Владислав Петрович Даркевич
Аргонавты средневековья

Введение

   Мы бросали свой якорь на берегах,
   полных ночных ароматов и пения птиц,
   берегах, где струится вода,
   от которой на руках остается память о счастье.
   И не было странствиям нашим конца
   Души друзей моих слились с уключинами и веслами,
   с неумолимым ликом, высеченным на носу корабля
   солеными брызгами.
   Один за другим покидали меня мои путники,
   не поднимая глаз. Веслами
   отмечены на берегу места, где они спят.
   Никто их не помнит. Справедливость.
Гиоргос Сеферис. Аргонавты (1935)

   Путешествия избавляют от предрассудков», – гласит старое изречение. Когда средневековый человек пересекал границы своего мирка и устремлялся вдаль, оказывалось, что за глухими лесами и снежными горами, за бескрайними просторами морей и пустынь живут не чудовищные псоглавцы и четырехглазые эфиопы, которых рисовали на географических картах, а такие же люди, как он сам. Перед взором путника возникали новые страны, проходили разные племена и народы. При всем своем различии в чем-то главном они были понятны ему. У чужеземцев мог быть иной цвет кожи и разрез глаз, они могли говорить по-иному, молиться неведомым богам и рядиться в диковинные одежды, но, как и на родине пришельца, эти люди веселились на свадебных пирах и горевали о своих мертвых, растили детей, пахали землю и разводили скот. Их одолевали те же будничные заботы в непрестанной борьбе за существование. И по утрам, начиная трудовой день, они одинаково радовались яркому солнцу. Лицезрение далеких земель не только обогащало знаниями и расширяло кругозор – оно возвышало дух, приобщая к великой людской общности.
   Однако в ту эпоху нелегко было преодолеть темные завесы подозрительности и вражды к «варварам», «язычникам», «неверным», которых издавна считали «нечистыми», «дикими», «вероломными». В сознании средневекового человека, резко расчленявшего мир на полярные противоположности, укоренились недоверие и предубежденность ко всему «чужому» – чужому в национально-племенном, вероисповедном и языковом смысле. Деление мира на «свой» – праведный и «чужой» – греховный, враждебный чрезвычайно характерно для людей того времени. Даже о родственных племенах нередко отзывались с пренебрежением и чувством превосходства. Православные и католики взаимно хулили друг друга как схизматиков; и те, и другие со всех церковных амвонов обрушивались на «слуг сатаны» – нехристиан. Ненависть к иноплеменникам, к врагам «истинной» веры, на которых не распространялись человеческие установления, приводила к бесчисленным кровавым столкновениям и обоюдной жестокости. Возникавшие мирные контакты постоянно ставились под удар. И все же вопреки государственным границам, языковым барьерам, религиозной розни и войнам порой являлась мысль о единстве всего рода человеческого. При ближайшем знакомстве оказывалось, что каждый народ чем-то знаменит и славен, в чем-то превзошел других и внес свой дар в сокровищницу человеческих знаний.
 
Знай, в поэзии лучших наездников нет,
Чем арабы, а Греции Древней сыны
Медицину избрали ареной своей,
В чародействе индусские люди сильны.
Математика, музыка – римлян удел,
Власть Китая в искусстве рисунка тверда,
Но искусней художников свет не видал,
Чем багдадские мастера, никогда.[1]
 
Носир Хисроу
   На мир начинали смотреть шире и объективнее. Когда в малоазийском городе Конье скончался проповедник и поэт Джалаледдин Руми (1273), в последний путь певца «религии сердца» провожали мусульмане, христиане, иудеи, индусы, буддисты. При жизни почитаемый всеми наставник призывал людей к братству и дружбе:
 
Как часто бывает, что турок и индиец находят общий язык,
Как часто бывает, что два турка словно чужие.

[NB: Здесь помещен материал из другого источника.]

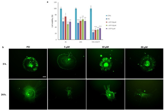 The decrease in ATP shown in cells grown on the PEI-ended surface could be the cause of the dysfunctions of the numerous ATP-dependent cellular functions and of the entire cell metabolism. These low ATP levels of MSCs adhering to PEI-ended could be due to a destabilization of the plasma membrane that makes the mitochondrial component more accessible [40]. The alteration of the plasma membrane is via an SOS protein, which establishes a link between FAK activation and a well-established mitogenesis pathway. Furthermore, cell attachment via integrins controls the cellular sensitivity to the growth factor. This synergy between signals generated by cell adhesion receptors and the growth factor receptors helps to observe the SEM image shown in Figure 9b. The ΔΨ analysis, carried out in 3, 24, and 48 h (Figure 9c) with the fluorescent JC-1 dye, showed a decrease in mitochondrial activity in PEI samples, maybe due to an impairment of electron transport through the inner membrane coupled to proton pumping. From the observation under the fluorescence microscope, we noted a limited mitochondrial activity in PEI-ended samples in all experimental times analyzed and a greater concentration and distribution of mitochondria at the cytoplasmic level, with respect to the control cells spreading on the uncoated substrate. Given that the decreased mitochondrial activity does not permit the restoration of the intracellular ATP concentration necessary to reactivate a correct metabolic pathway, we studied the effect that extracellular ATP has on MSCs seeded on the PEI coating and supplemented the culture medium with different concentrations of ATP. After 72 h, we replaced the medium with fresh medium containing ATP (20 µM, 10 µM, and 5 µM) for 3 h and measured vitality by MTT (Figure 10a) and stained microfilaments with FITC-phalloidin (Figure 10b).

Значит, язык единодушия – совсем иное дело:
Единодушие дороже единоязычия.[2]
 
   Близкие передовым мыслителям Востока идеи сближения народов, у каждого из которых есть чему поучиться, не были чужды и европейцам. Недаром провансальский трубадур Пейре Карденаль (XIII в.) высказывал желание освоить словесность сарацин, позаимствовать тонкий ум у античных философов и мужество у татар.

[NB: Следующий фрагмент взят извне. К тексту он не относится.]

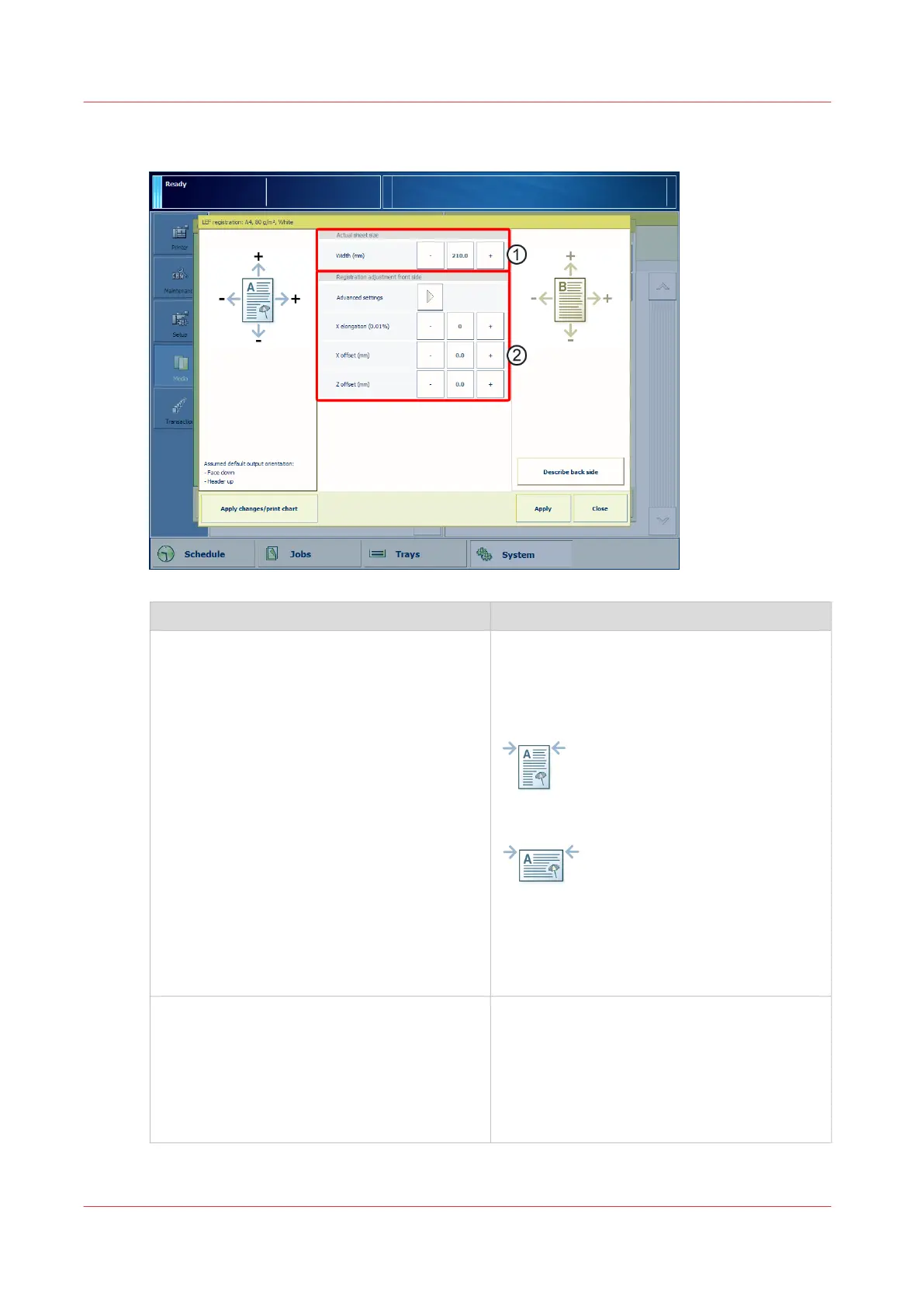 Upper section (1) The actual sheet size measured in the feed di-

   В неутолимом стремлении связать, примирить разобщенное и противоречивое человек Средневековья одолевал бесчисленные препятствия, воздвигаемые природой и самими людьми.
 
Часто, на камни ложась, из облаков свой шатер
Я мастерил и в глуши спал наподобье зверей.
Я по горам проходил выше высокой луны,
Спутником рыб по волнам несся я ветра быстрей.
То я блуждал по пескам жарче горячей золы,
То по стране, где зимой мрамора тверже ручей.
То между осыпей шел, то вдоль потоков седых,
То в бездорожье, в горах, старого мира старей.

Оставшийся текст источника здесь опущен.